Abstract
Purpose :
The mechanisms underlying refractive development and myopia remain elusive. One hypothesis is that alterations in color cues received by the retina through characteristics of longitudinal chromatic aberration (LCA) may signal eye growth (Rucker, 2013). The purpose of this work is to investigate how blue-tinted lenses affect myopic defocus in wild-type mice.
Methods :
C57BL/6J mice received a monocular, blue-tinted, -10 diopter (D) lens (X-Cell Specialty Contacts, Duluth, GA) (n=10-15) at post-natal day 21 (P21). Age-matched control mice did not wear a lens (n=10-15). Measurements of refractive error, corneal curvature, and ocular biometry were taken weekly until P49, using photorefraction, keratometry, and spectral-domain optical coherence tomography (SD-OCT), respectively. A two-way repeated ANOVA was used to determine significant difference between groups across time.
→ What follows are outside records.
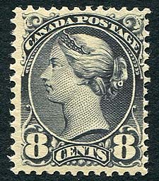 Canada #56. VF mint Never Hinged perfectly centered mint example of the 8c dark violet 1897 issue Queen Victoria Jubilee. Nice even margins all around. Unitrade is $600.00 for VF mint NH. 2026 Scott US$300.00 =
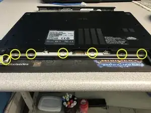 Используя одну или несколько пластиковых лопаток, отделите нижнюю часть ноутбука от остальной части устройства.
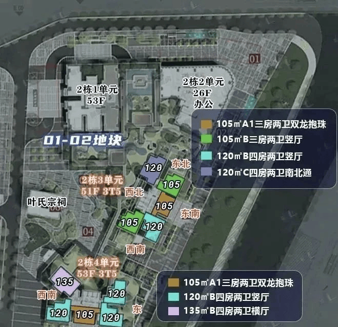 105㎡有两个户型,分别为A1双龙抱珠以及B户型传统竖厅
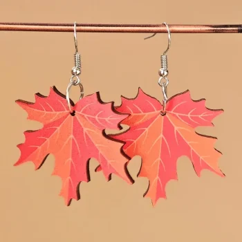 Maple Leaf Dangle Earrings – Red & Orange Wooden Drop Earrings with Silver Hooks
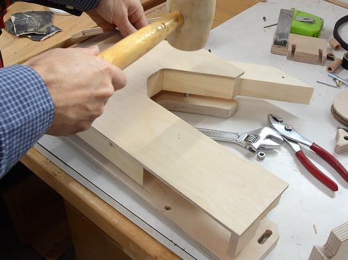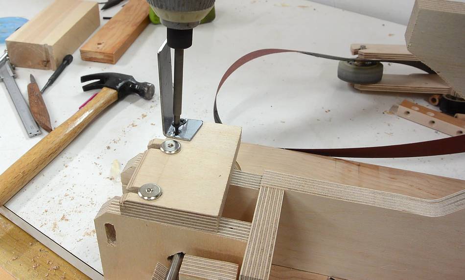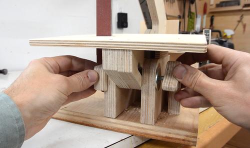 The mount for the platen is made of 18 mm Baltic birch plywood. Two
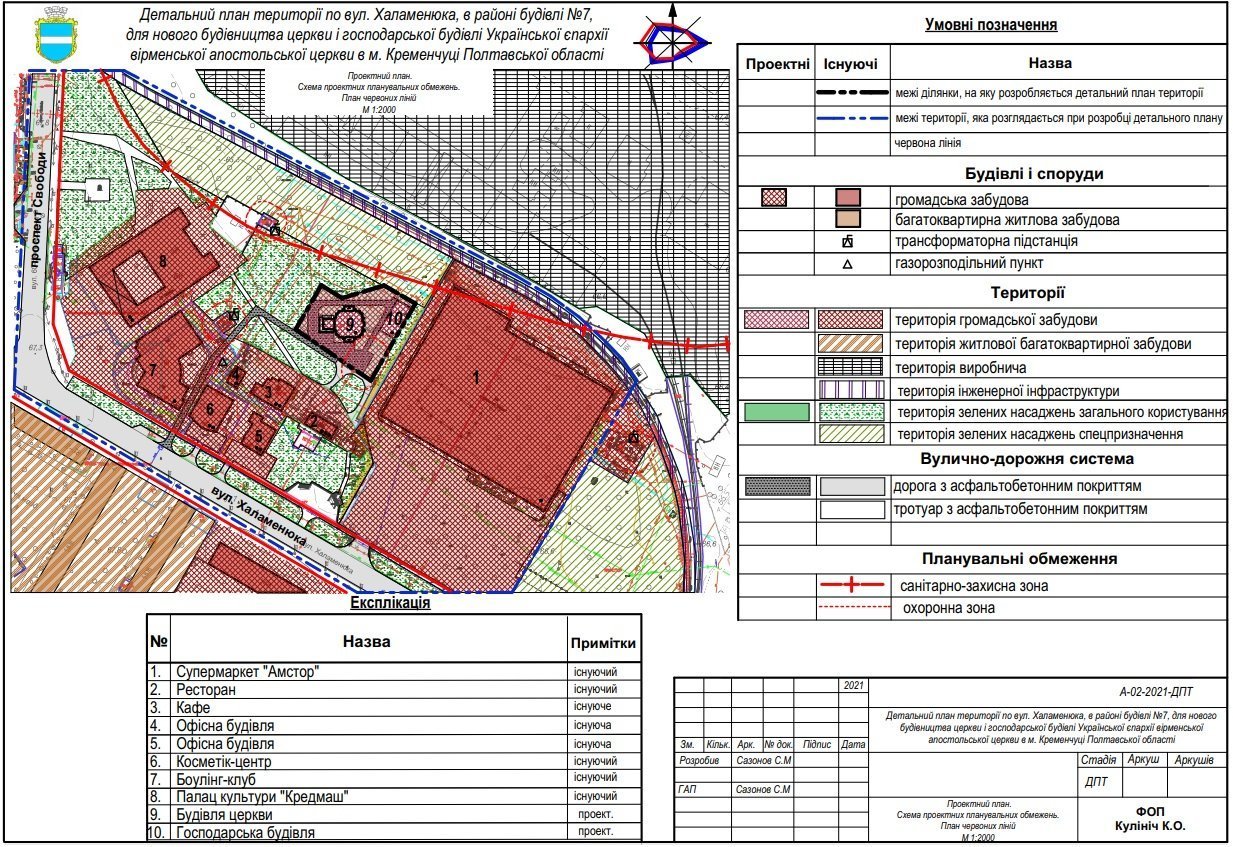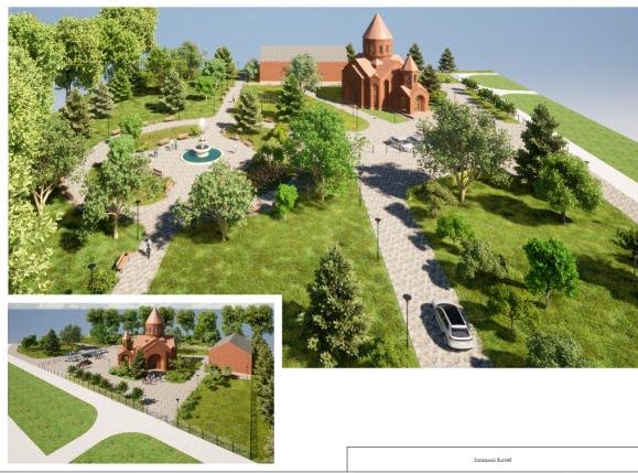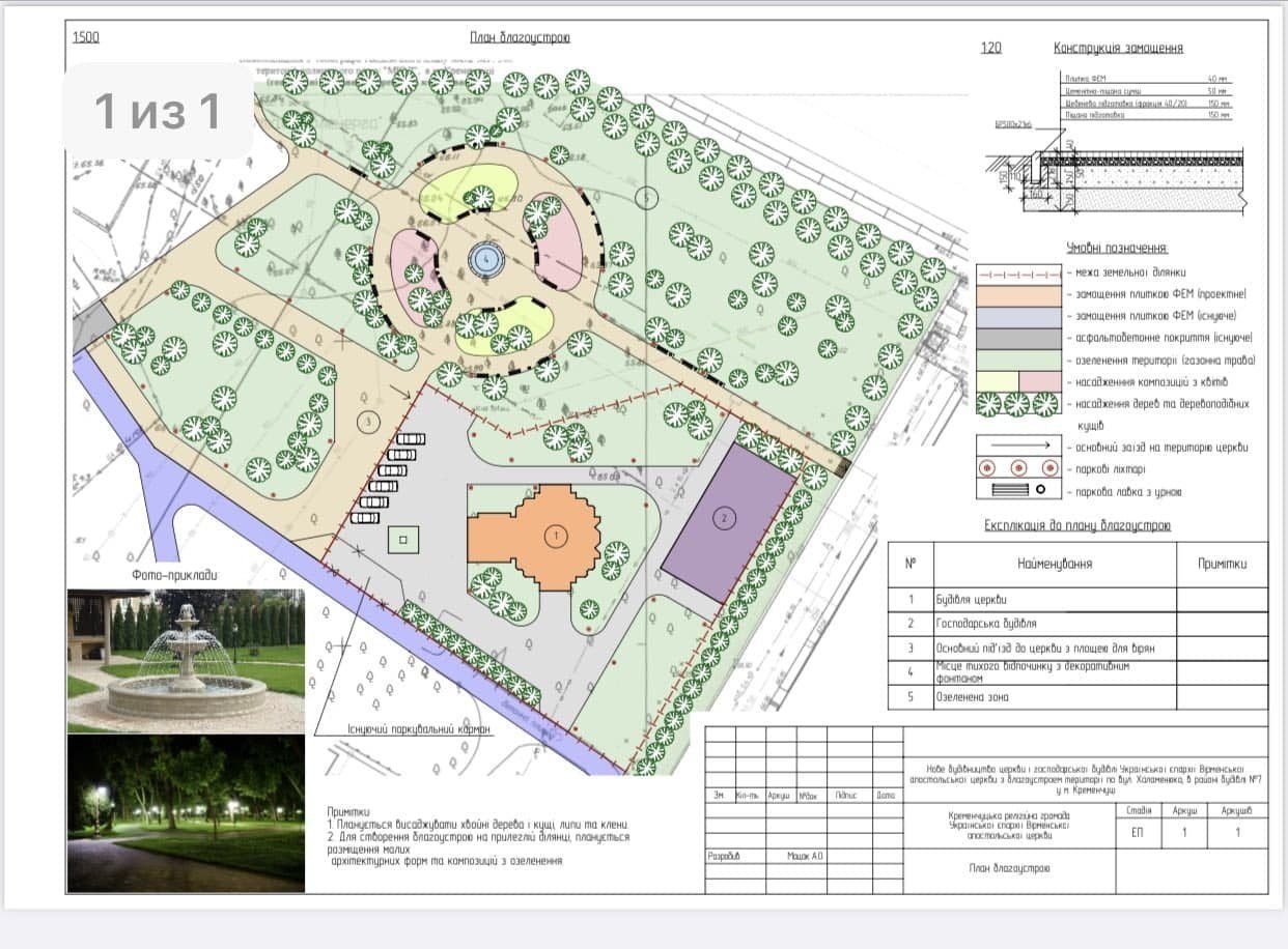 На схемі праворуч знаходиться Амстор, зверху – залізна дорога. Помаранчевим позначено церкву, а фіолетовий прямокутник – недільна школа. Поруч з церквою передбачено парковку. Трохи вище по схемі фонтан з лавками та невисокими світильниками.
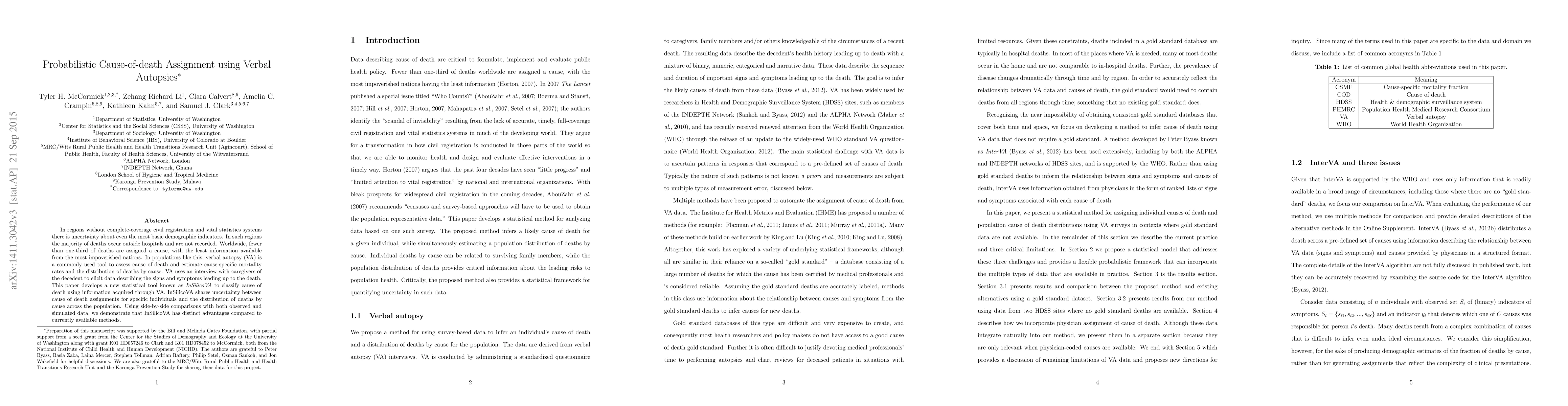 This paper introduces InSilicoVA, a new statistical tool for probabilistic cause-of-death assignment using verbal autopsies, which shares uncertainty between individual and population-level cause-of-death distributions, demonstrating advantages over existing methods through comparisons with observed and simulated data.
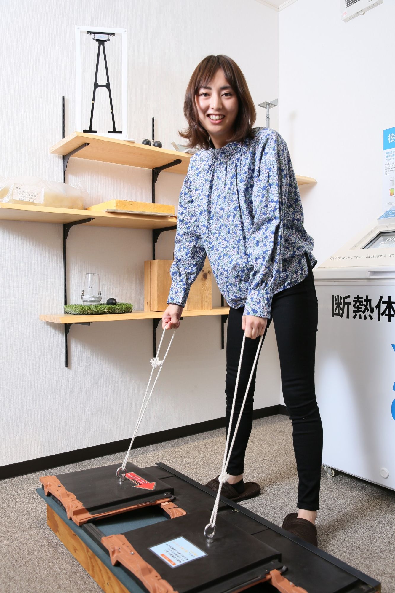 ▲思いっきり引っ張っても全然動かない!!取材後、ワールドハウス千葉展示場の体験コーナーで防災瓦と一般の瓦をひもで引っ張り、強風時の飛びにくさの違いを体感させていただきました。
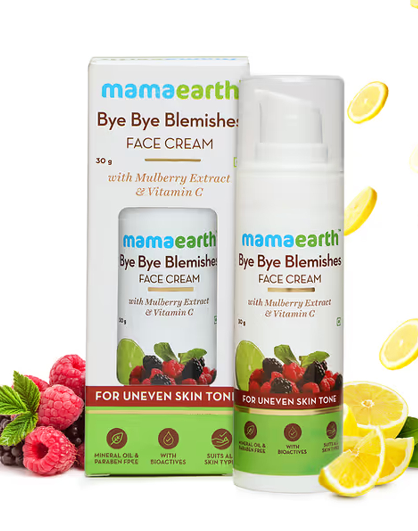 Mamaearth Bye Bye Blemishes* Face Cream is an effective cream enriched with Mulberry Extract, Daisy Flower Extract, and Vitamin C. Its unique and natural formulation prevents melanin synthesis and gives you soft and glowing skin. It reduces pigmentation and blemishes by restricting melanin deposits that appear as dark spots, patches, and hyper-pigmentation, thereby offering an even skin tone.
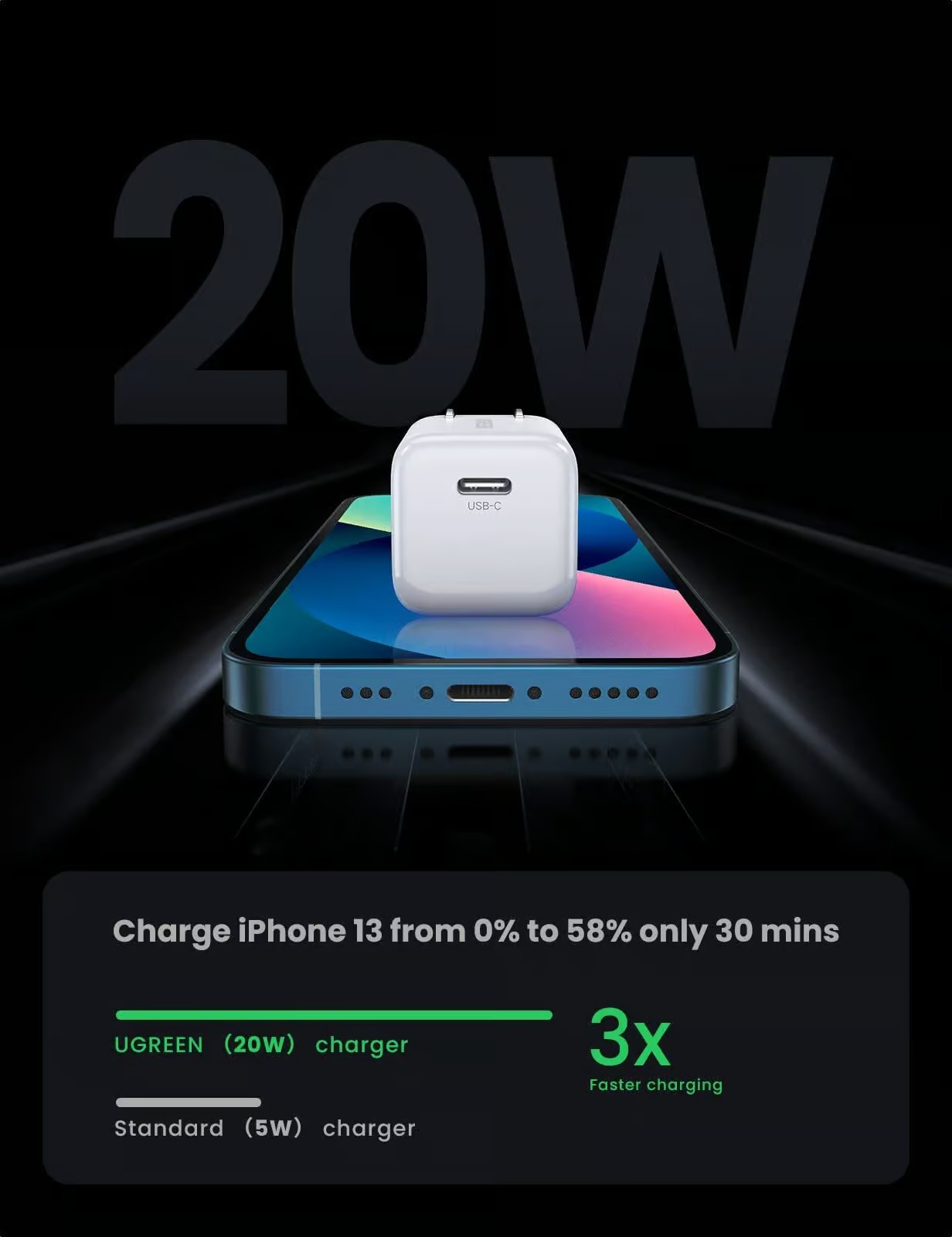 UGREEN 20W PD USB C Charger — Smaller Yet 3X Faster to charge your iPhone 13 from 0% to 58% within 30mins
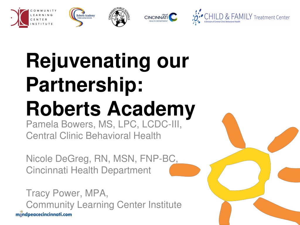Rejuvenating our Partnership: Roberts Academy Pamela Bowers, MS, LPC, LCDC-III, Central Clinic Behavioral Health Nicole DeGreg, RN, MSN, FNP-BC, Cincinnati Health Department Tracy Power, MPA, Community Learning Center Institute
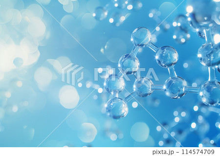 Selective focus of 3D rendering of carbon molecular structure model background for science, technology and research in sports or medical industries.
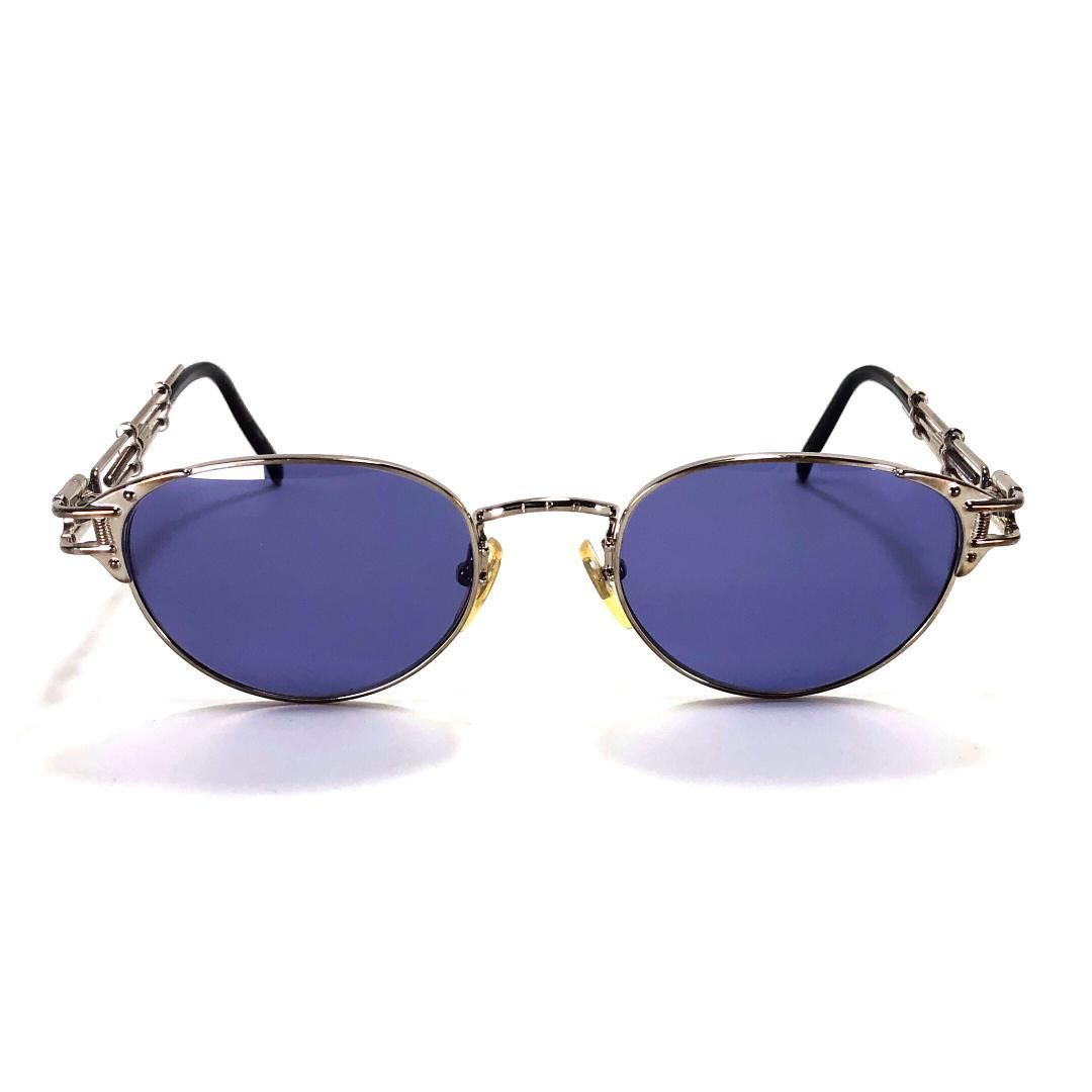 【美品・ケース付】Jean Paul Gaultier ジャンポールゴルチエ/オーバル型 サングラス/ネジモチーフ/メタル・グラス/ブルー・パープル・シルバー
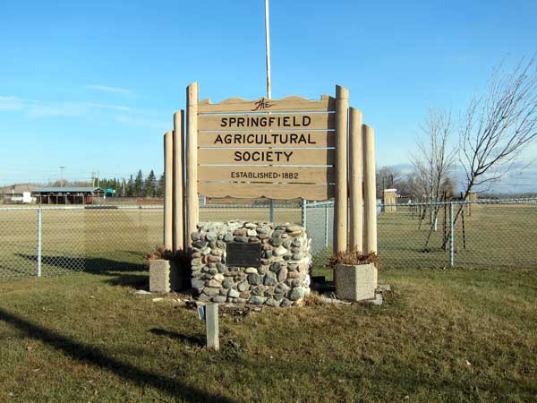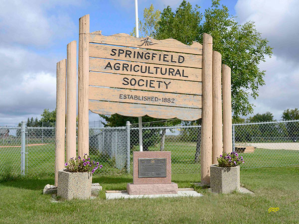 A monument at Dugald, in the Rural Municipality of Springfield, commemorates the 100th anniversary of the Springfield Agricultural Society, established in 1882. A plaque was presented to the Society by Minister of Agriculture William “Billie” Uruski and Premier Howard Russell Pawley.
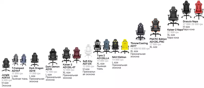 Aktualna linia Anda Seat jest bardzo imponująca. W ofercie znajdują się modele dla graczy, w tym współpracujące z organizacjami eSportowymi Fnatic i Na'Vi, jak również bardziej swobodne opcje, które będą harmonijnie wyglądać w biurze. Zakres cenowy jest dość szeroki: od niedrogich modeli za 10 000 UAH do modeli premium ze skórą Napa za 30 000 UAH. Niezależnie od ceny, we wszystkich modelach zastosowano piankowe obicia, wytrzymałe stalowe ramy i wysokiej jakości materiały tapicerskie.
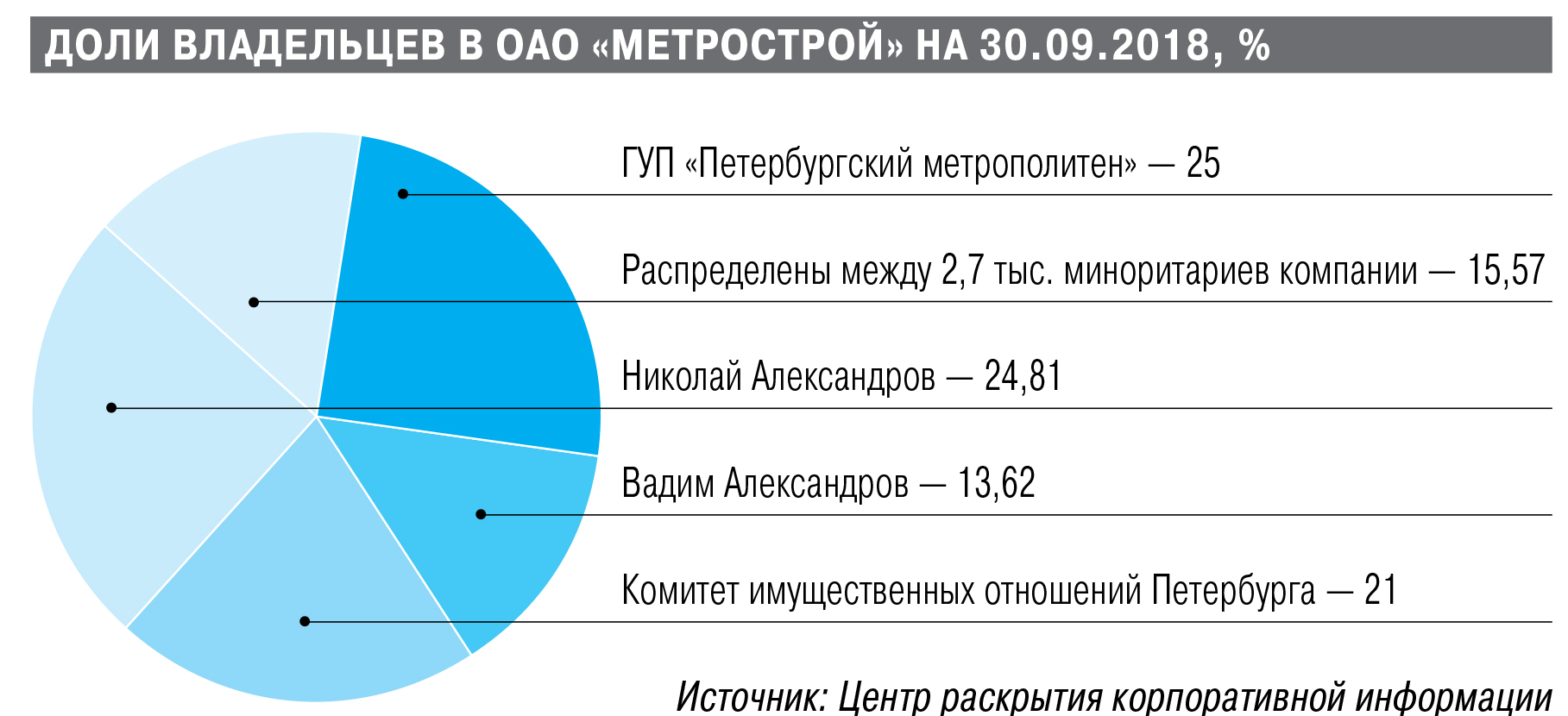 Как стало известно "Ъ", ОАО «Метрострой», подрядчик строительства стадиона «Санкт-Петербург» и станций метро «Беговая», «Новокрестовская» и Фрунзенского радиуса, может быть докапитализировано на 1,5 млрд рублей из городской казны. Таким образом, Смольный рассматривает возможность доведения доли города в компании до 100%. При этом вторым вариантом рассматривается сохранение миноритарного пакета у действующего держателя 24,81% акций генерального директора компании — Николая Александрова. Аналитики уверены, что переход компании под контроль города был неизбежным, и рассчитывают, что операционные показатели «Метростроя» вырастут.
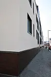 På fasadene har arkitekt gått for materialer som krever svært lite vedlikehold. Som hovedmateriale er det valgt fasadeplater med Weber-pussystem. I den øverste og nederste delen av bygget er det valgt gjennomfargede høytrykkslaminat panel fra Fundermax.

Holm-Sidak post-hoc comparisons were used to make specific comparisons.
Results :
Mice with blue-tinted lens defocus showed significant myopic shifts compared to their untreated littermates (mean shift in refractive error ± SEM, goggled-contalateral eye, at P28: -3.0172 ± 0.446; at P35: -4.63 ± 0.420; at P42: -6.7764 ± 1.59, p<0.05). There were no significant changes in corneal curvature or ocular biometry in either group.
Conclusions :
Blue-tinted lenses likely altered the wavelengths of light that reached the retina through properties of LCA. Interestingly, blue-tinted lens defocus produced greater myopic shifts than the well-characterized form-deprivation response in mice (at P42: -3.426 ± 1.382, p<0.05). Future experiments will compare the response to clear, -10D and blue, plano (0 D) lenses to determine the full extent of LCA contributions to myopia in mice.
This is an abstract that was submitted for the 2017 ARVO Annual Meeting, held in Baltimore, MD, May 7-11, 2017.